Equality for All? Landmark case reviews rights of outsourced workers
- Published: Sep 1, 2014 06:01
- Writer: Post Reporters | 1 viewed
In the past, some business operators opted to engage outsourcing companies to supply workers instead of directly hiring their own employees. As the outsourced workers were hired by the outsourcing company, there was no employment relationship between the business operator and the outsourced workers. This means operators were not obligated to care whether these outsourced workers were accorded sufficient rights and benefits under labour laws.

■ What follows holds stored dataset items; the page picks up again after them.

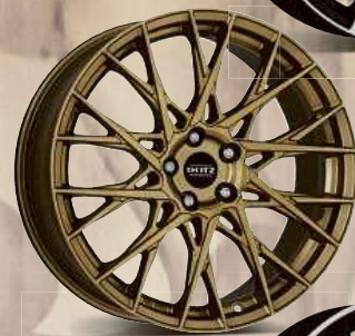
DOTZ Fuji gold 18", 19", 20"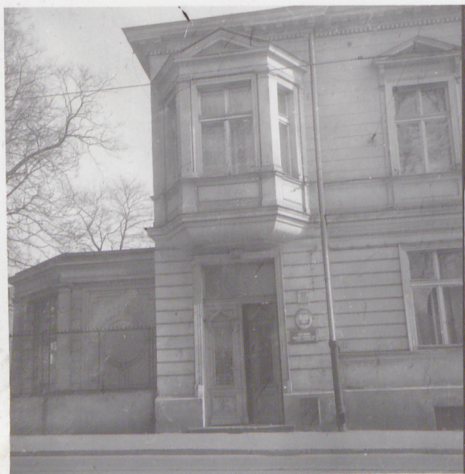
DETALE ELEWACJI PŁN. WEJŚCIE GŁ. I WYKŁOZ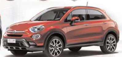
Fiat 500 x

AVDA. LUIS MATEOS, 42 - PARC. 42 B (FRENTE A MICHELÍN) · 09400 ARANDA DE DUERO (BURGOS) · TEL. 947 50 71 44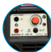
BRUSH IT mit Beschriftungsfunktion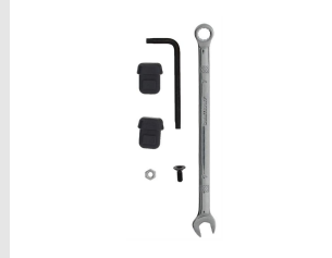
Artikel-Nr. 013256 Ersatzgummi empf Nase IM90 / 100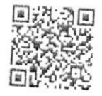
QR Code ลงทะเบียนออนไลน์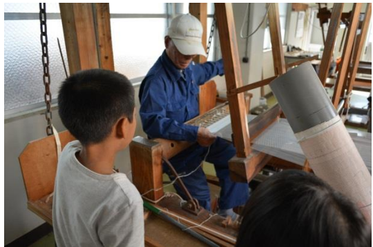
講座風景「大島紬（締め機）見学」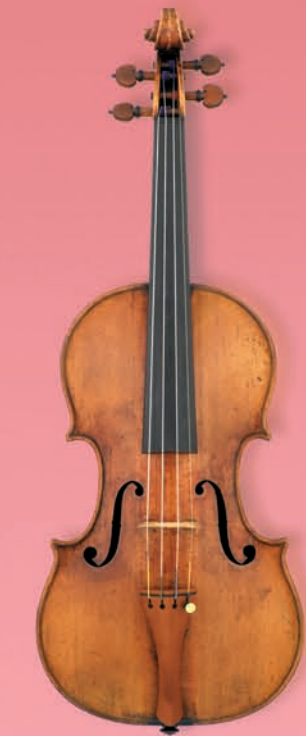
本提琴圖片由奇美博物館提供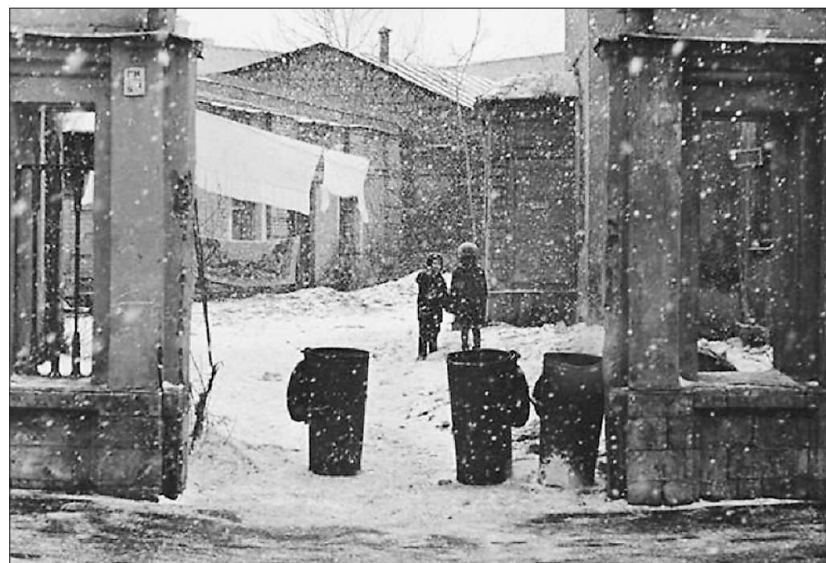
«Арбатские дети», 1960-е годы

— Есть ли на сочинском автодроме особенности? — Уникальность трассы является её расположение в Олимпийском парке, где всё пропитано духом соперничества. К тому же сочинский автодром входит в тройку самых больших по протяжённости автодромов мира.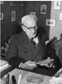
Роже Кузине (Roger Cousinet) 1881–1973, французский педагог, деятель «нового воспитания» во Франции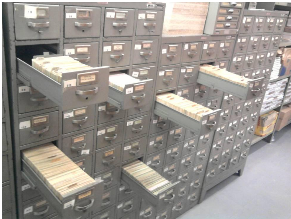
Figura 3 – Catálogo de legislação

Em outubro de 2000, iniciou-se o processo de digitação e informatização dos dados do Catálogo de Legislação Brasileira. A primeira etapa foi a digitação das fichas, com o intuito de agilizar a inserção dos dados no sistema. A digitação foi realizada em editores de texto. Para agilizar esse processo foi contratada uma empresa para digitação das fichas contando com 5 (cinco) digitadores, a revisão e indexação dos dados coube aos servidores da SELEB. No total foram digitados 2.230 lotes, perfazendo um total de 111.500 atos. Cada digitador processou uma média de dois lotes/dia e essa atividade foi concluída em 181 dias.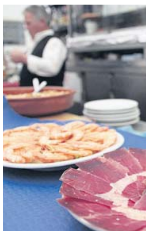
Platos de gambas y jamón en la Feria.

Una imagen del tradicional alumbrado en el Real de la Feria de Sevilla, una ciudad efímera de más de un millar de casetas que acogerá a miles de sevillanos y visitantes.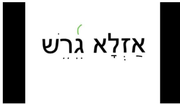
Figura N° 2 caracteres hebreos con signo musical en verde indicando forma de interpretar".

Esto inducía y sugería una interpretación musical con cierta libertad en los grados conjuntos de la escala musical o tetracordio cuando era cantada. También se puede apreciar en el siguiente comentario: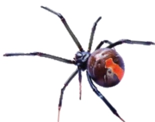
Viúva-negra ( Latrodectus )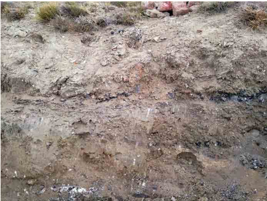
FIG. 18. Terraza donde estuvo la fábrica; lente de carbón cubierta por sedimento en la barranca cortada por la maquinaria vial. Arriba aun se ven ladrillos dispersos a punto de caer

To deal with this problem and provide better protection to outsourced workers, in 2008 Section 11/1 was amended to the Labour Protection Act of 1998. Paragraph 1 of the new section stipulates outsourced workers are deemed employees of operators, in addition to the outsourcing company being a direct employer of these workers. Thus, business operators must ensure the outsourced workers are provided with minimum rights and benefits under the Labour Protection Act, including minimum wage, other statutory payments, and entitled leave.
More interestingly, paragraph 2 of Section 11/1 mandates the business operator shall arrange fair benefits and welfare without discrimination against the outsourced workers, who have the same job descriptions as directly hired employees. Given the opaque wording of "fair benefits and welfare without discrimination", there have been many arguments regarding its actual meaning and scope.
Some believe the outsourced workers are entitled to equal benefits and welfare as directly hired employees, while others hold that benefits and welfare can vary according to available justifications, such as experience, skills, and so on. Business operators who fail to comply with Section 11/1 are subject to a fine not exceeding 100,000 baht.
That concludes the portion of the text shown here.